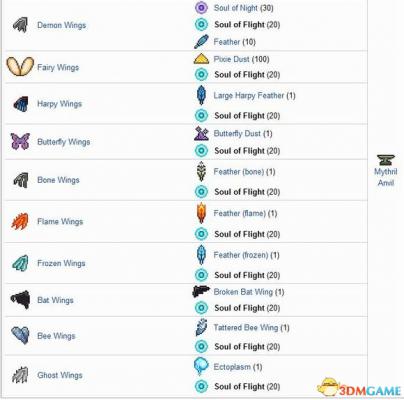 泰拉瑞亚翅膀合成方法大全 各种翅膀特效数据一览
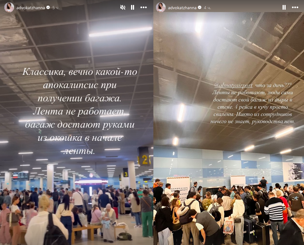 Багажный коллапс начался в аэропорту Алматы еще вечером 1 сентября, за несколько часов до прилета Жанны.
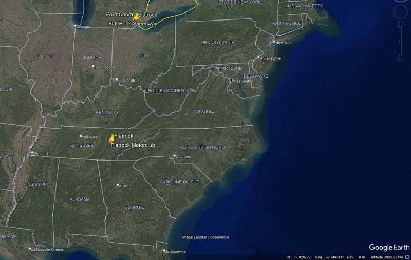 Le complexe de Flatrock se niche dans la campagne du Tennessee, ce qui n’éclairera guère davantage la plupart d’entre nous. Disons que c’est à l’ouest de Nashville et au nord d’Atlanta, pas trop trop loin de la mondialement connue « Tail of the Dragon » (queue de dragon) avec ses 318 courbes en 11 miles, mais une carte est sans doute plus parlante…
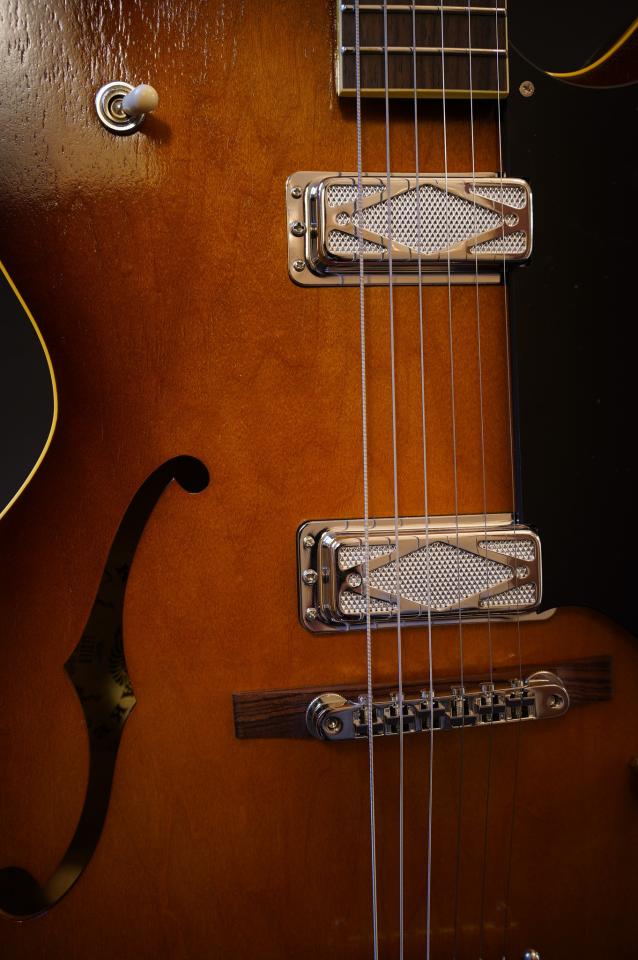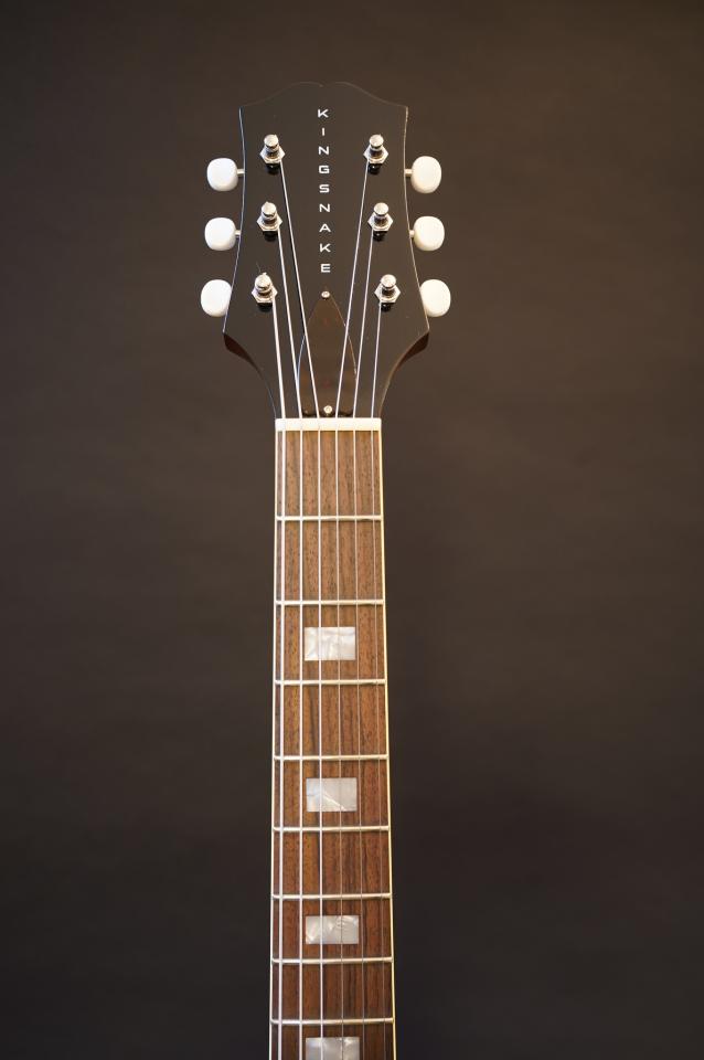 公式には17インチボディのDetroit Oneをサイズダウンし、スケールもミディアムスケール(628mm)に変更した、とありますが、かつてのDeArmond Golden Toneそっくりのピックアップや、独特なレトロなカラーリングなどまるでHarmony Rockを彷彿とさせるルックスに思わずニヤリとする方も多いのではないでしょうか。そんな1960年代のビザールなフルアコを現代のクオリティで再現し、さらにKing Snake独自のアレンジでよりハウリング耐性の向上などプレイヤビリティを向上させた一本です。
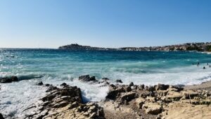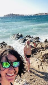 von hier aus hat man wirklich eine netten (foto)blick auf die city Primošten, aber auch linker hand auf türkis blaues meer und wellen, die gerade vom wind an land gepeitscht werden. so sind wir dann spontan runter zu Beach Mara 2 und es hat nicht lange gedauert, bis wir mittendrin statt nur dabei sein wollten – inkl. nem feinem schlückchen salzwasser ;-).
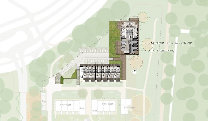 Door de verdiepingshoge vensters en grote, houten hoekterrassen is het mogelijk om tussen het groen te genieten van het uitzicht over het Sysseltse bos. Om samen te genieten van de groene omgeving en onderlinge contacten te stimuleren zijn op de begane grond van de woontoren collectieve voorzieningen opgenomen. Een gemeenschappelijke woonkamer is verbonden met de hoofdentree en geeft toegang tot een collectieve tuin. Naast de individuele berging in de kelderlaag is er een grote collectieve fietsenberging bij de entree om gebruik van de fiets te stimuleren.
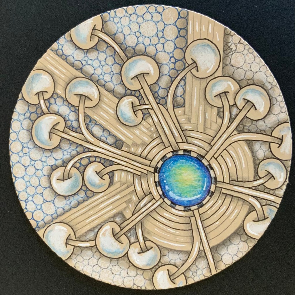 On Day 5 we were led by Julie. Like Julie, Arukas is not a tangle I choose often. I love how Julie incorporated poke root into it. We worked on a tan tile. I added a few extra elements to the first photo shown here.
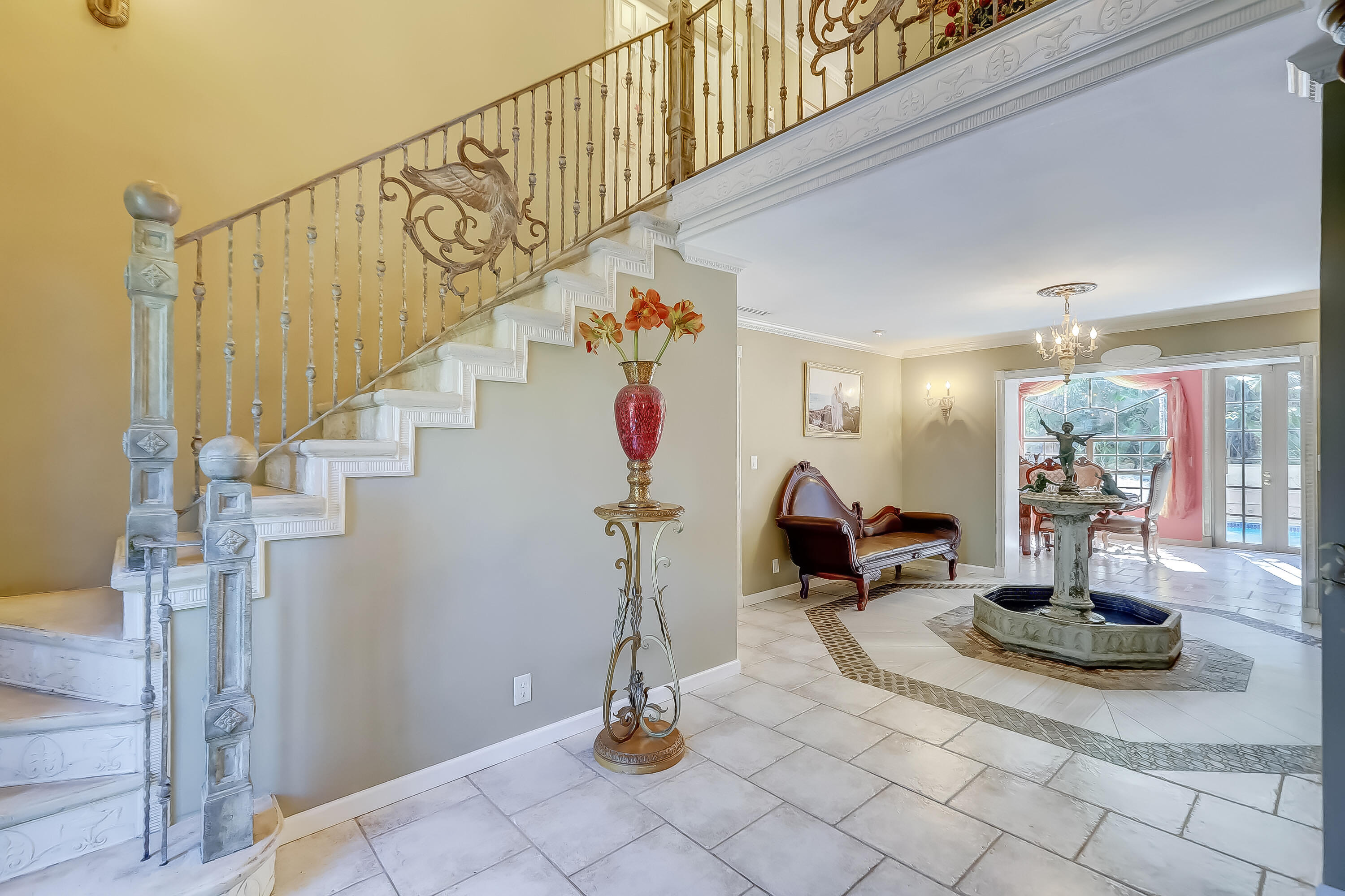 An enchanting and private stately European inspired home. Dramatic architectural features include a gallery foyer, formal dining room, ballroom sized living room, beautiful gardens, flowing water fountains, and a pool & spa area Designed for entertaining. This corner property sits on almost 13,000 s/f and is surrounded by mature hedges for privacy. This home features fine woods, custom iron work, detailed moldings, volume ceilings, a 4 yr old roof, a bonus loft room, (or 5th bedroom) an expansive private office, large laundry room, 2 car garage, & ample driveway space. The location is second to none! Nestled in the private gated community of Sunrise Intracoastal, walk to the beach and minutes to the yacht club marina. Amazing location! Make this estate your forever home
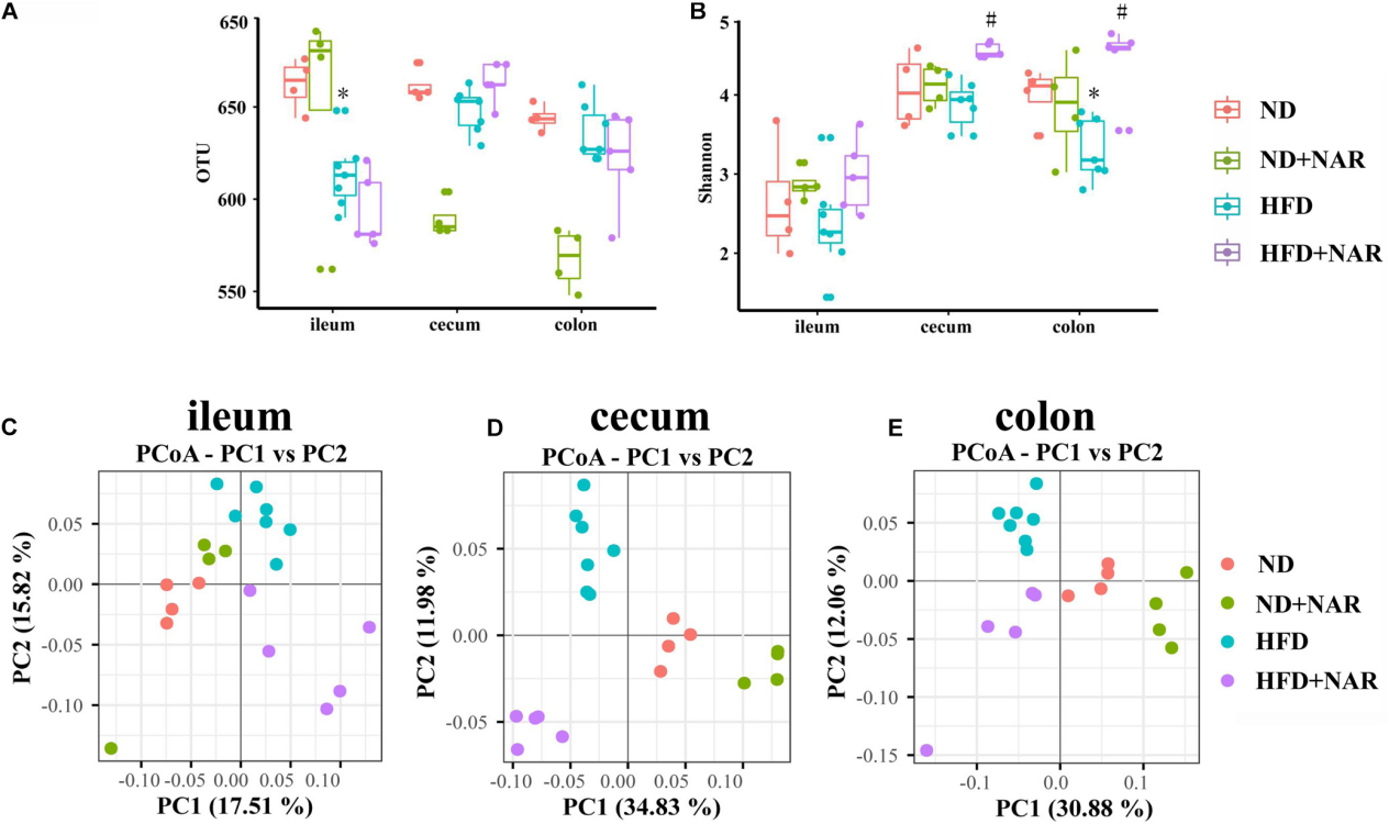除HFD組回腸、盲腸和結腸的OTUs較ND組降低外,4組腸道不同部位的細菌OTUs無(wú)明顯差異(圖5A)。添加NAR降低了ND組小鼠盲腸和結腸OTUs。Shannon多樣性結果表明,高脂飼喂降低了結腸細菌多樣性,而NAR增加了盲腸和結腸細菌多樣性(圖5B)。高脂飼喂和NAR對回腸細菌多樣性沒(méi)有影響。

◇ ◇ ◇ ◇ ◇

- **EXERCISE BRIEF**: Print the material above verbatim except the pictures.

- **EXERCISE OUTPUT**:
 泰拉瑞亚翅膀合成方法大全 各种翅膀特效数据一览
 Багажный коллапс начался в аэропорту Алматы еще вечером 1 сентября, за несколько часов до прилета Жанны.
 Le complexe de Flatrock se niche dans la campagne du Tennessee, ce qui n’éclairera guère davantage la plupart d’entre nous. Disons que c’est à l’ouest de Nashville et au nord d’Atlanta, pas trop trop loin de la mondialement connue « Tail of the Dragon » (queue de dragon) avec ses 318 courbes en 11 miles, mais une carte est sans doute plus parlante…
 公式には17インチボディのDetroit Oneをサイズダウンし、スケールもミディアムスケール(628mm)に変更した、とありますが、かつてのDeArmond Golden Toneそっくりのピックアップや、独特なレトロなカラーリングなどまるでHarmony Rockを彷彿とさせるルックスに思わずニヤリとする方も多いのではないでしょうか。そんな1960年代のビザールなフルアコを現代のクオリティで再現し、さらにKing Snake独自のアレンジでよりハウリング耐性の向上などプレイヤビリティを向上させた一本です。
 von hier aus hat man wirklich eine netten (foto)blick auf die city Primošten, aber auch linker hand auf türkis blaues meer und wellen, die gerade vom wind an land gepeitscht werden. so sind wir dann spontan runter zu Beach Mara 2 und es hat nicht lange gedauert, bis wir mittendrin statt nur dabei sein wollten – inkl. nem feinem schlückchen salzwasser ;-).
 Door de verdiepingshoge vensters en grote, houten hoekterrassen is het mogelijk om tussen het groen te genieten van het uitzicht over het Sysseltse bos. Om samen te genieten van de groene omgeving en onderlinge contacten te stimuleren zijn op de begane grond van de woontoren collectieve voorzieningen opgenomen. Een gemeenschappelijke woonkamer is verbonden met de hoofdentree en geeft toegang tot een collectieve tuin. Naast de individuele berging in de kelderlaag is er een grote collectieve fietsenberging bij de entree om gebruik van de fiets te stimuleren.
 On Day 5 we were led by Julie. Like Julie, Arukas is not a tangle I choose often. I love how Julie incorporated poke root into it. We worked on a tan tile. I added a few extra elements to the first photo shown here.
 An enchanting and private stately European inspired home. Dramatic architectural features include a gallery foyer, formal dining room, ballroom sized living room, beautiful gardens, flowing water fountains, and a pool & spa area Designed for entertaining. This corner property sits on almost 13,000 s/f and is surrounded by mature hedges for privacy. This home features fine woods, custom iron work, detailed moldings, volume ceilings, a 4 yr old roof, a bonus loft room, (or 5th bedroom) an expansive private office, large laundry room, 2 car garage, & ample driveway space. The location is second to none! Nestled in the private gated community of Sunrise Intracoastal, walk to the beach and minutes to the yacht club marina. Amazing location! Make this estate your forever home
除HFD組回腸、盲腸和結腸的OTUs較ND組降低外,4組腸道不同部位的細菌OTUs無(wú)明顯差異(圖5A)。添加NAR降低了ND組小鼠盲腸和結腸OTUs。Shannon多樣性結果表明,高脂飼喂降低了結腸細菌多樣性,而NAR增加了盲腸和結腸細菌多樣性(圖5B)。高脂飼喂和NAR對回腸細菌多樣性沒(méi)有影響。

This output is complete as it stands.